Bilindiği kadarıyla Talhwan’ın ilk sayısında, Kore Anarşist Komünist Federasyonu ismindeki “komünist” sıfatı kaldırıldı. Kore’de anarşizmin tarihine ilişkin “Kore’de Anarşizm: Bağımsızlık, Çok Ulusluluk ve Ulusal Kalkınma Sorunu” başlıklı önemli çalışmanın yazarı Dongyoun Hwang’a göre bu durum o sıralarda Koreli anarşistler ve sosyalistler arasındaki çatışmaların artmasıyla doğru orantılı olarak değerlendirilebilir.
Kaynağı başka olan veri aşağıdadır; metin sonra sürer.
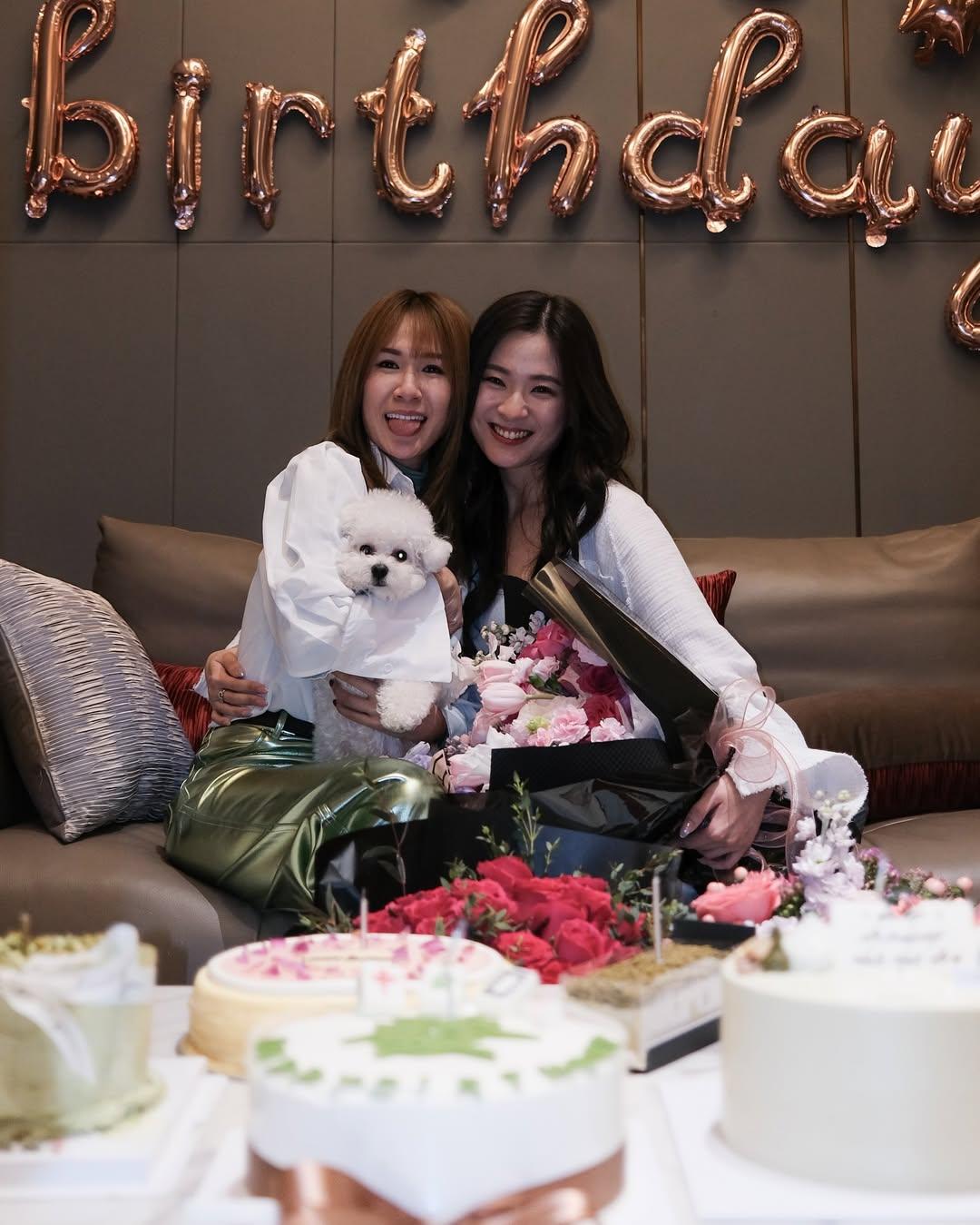 不過,羅天宇就被生意拍檔「出賣」,與他夾份搞小食生意的李興華在IG貼出合照,令羅天宇意外曝光。相中見到羅天宇跟陳懿德中間有李興華,壽星女就跟張景淳頭貼頭影相。另外,德德在IG分享了捧住靚靚蛋糕在無敵靚景下影相,用英語留言說︰「多謝你在我生日為我作出這個完美安排,真是一個慶祝的好地方」,之後又寫上:「海景、美食、igable蛋糕=100分」
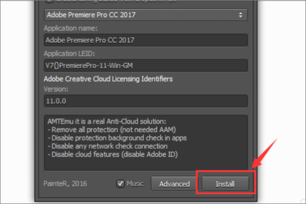 4、确定选择好“AdobePremiereProCC2017”后,然后点击install按钮。

Yayınlanan ilk sayısında Talhwan “Kapitalizmin Her Biçimini Yok Edelim” başlığıyla okuyucusunu selamlıyordu. İlk sayı yalnızca Kore’de anarşizmin tarihi için değil, Kore mücadele tarihi için de dikkate değer bir sayıydı. Kropotkin’in “Gençliğe Çağrı” metni ve anarko-sendikalizme dair iki yazının Korece çevirisi yer alıyordu. Son sayfalarında ise Koreli anarşistlerin eylem ve etkinlikleri İngilizce olarak dünyaya tanıtılıyordu.
Talhwan’ın yanı sıra 1920’lerin başında Shanghai’da “Mücadeleden Haberler” (Tubo) adında bir yayın daha çıkıyordu. Doğrudan eylem ve toplumsal devrim yoluyla ezilenlerin kurtuluşunu amaçlıyordu. İlk sayısının kapağında “İktidar hırsına boyun eğmek günahların en büyüğüdür!” yazıyordu.
Günümüzde de faaliyetlerini sürdüren federasyon bünyesinde yayıncılık ve örgütlenme çalışmaları devam etmektedir.
Meltem Çuhadar
Bu yazı Meydan Gazetesi’nin 52. sayısında yayınlanmıştır.